I suppose it's also possible that Otzi got that copper and arsenic in him when sharpening the blade?

Now, since Otzi and his ax are dated to 3300 BC, and the axe is Remedello type, the people of Remedello were doing this work before any movement from the steppe. (In fact, Otzi's axe is older than the oldest Remedello axe found.)Again, I think it's Balkan and if the technology was not brought by G2a people, might have been brought by I2a people. After all, Remedello seems to be all I2a, and for hundreds of years.

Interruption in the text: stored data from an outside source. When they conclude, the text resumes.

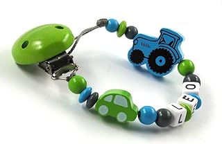 Schnullerkette mit Namen Junge Holz Auto Trecker bzw Traktor - grün - blau - grau - Baby Geschenk -
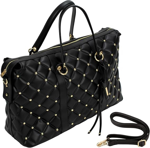 Túi du lịch cuối tuần bằng da thuần chay chần bông Badgley Mischka Modern dài 20" x rộng 8" x cao 13"
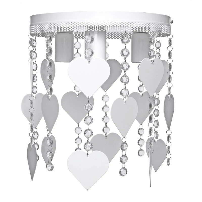 Lampa sufitowa z wiszącymi kryształkami ozdobiona serduszkami
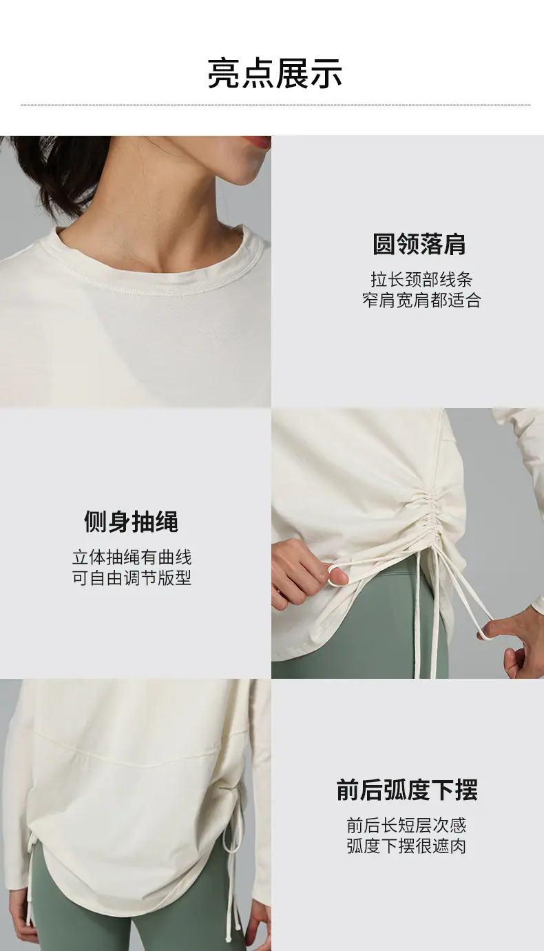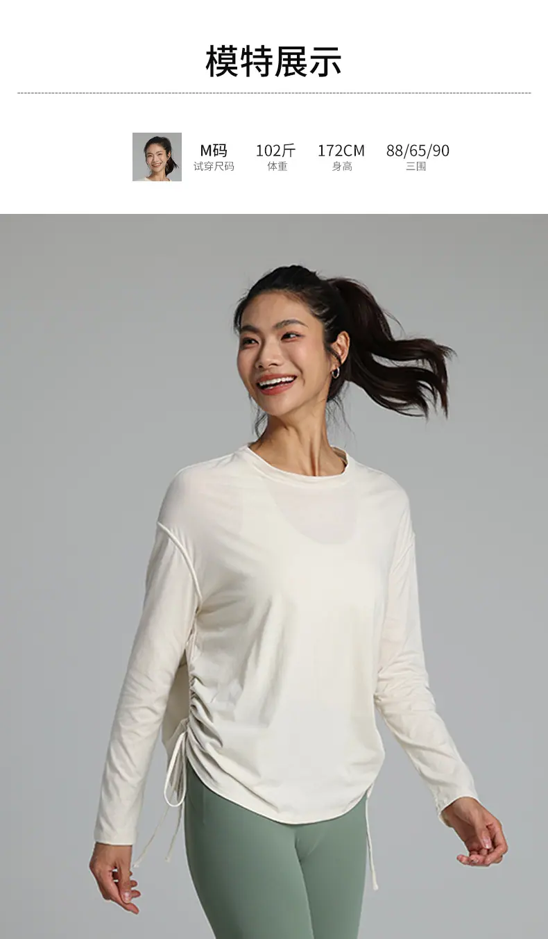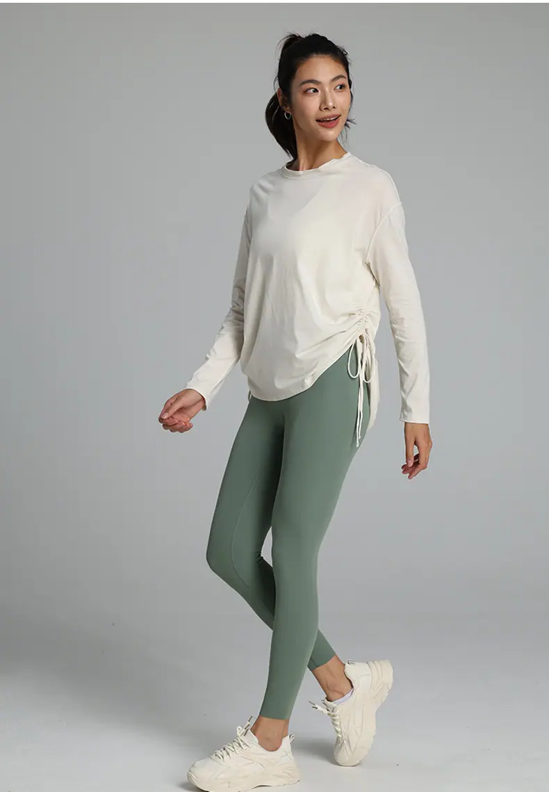 Compra Ropa de Yoga de Manga Larga de Secado Rápido con Cordón Ajustable Camiseta de Pilates para Mujer Transpirable con Aspecto Adelgazante Ropa Deportiva Holgada para Correr y Fitness al por mayor en Joom.pro

https://books.google.com/books?id=kQ...20type&f=false

----------


## Greying Wanderer

> More:
> 
> https://en.wikipedia.org/wiki/Blacks...western_Africa
> 
> 
> 
> Someone should test Y-DNA haplogroups of different Western African blacksmiths.
> 
> It might turn out that most of them share a common ancestor who lived ca. 1500 BC.


Yes I've been hoping someone would do that.

----------


## Greying Wanderer

@Angela





> I see some people still pushing the whole "metallurgy in western Europe came from Yamnaya people" scenario. Have they forgotten that Yamnaya was initially very primitive in terms of metallurgy, and borrowed the technology from others?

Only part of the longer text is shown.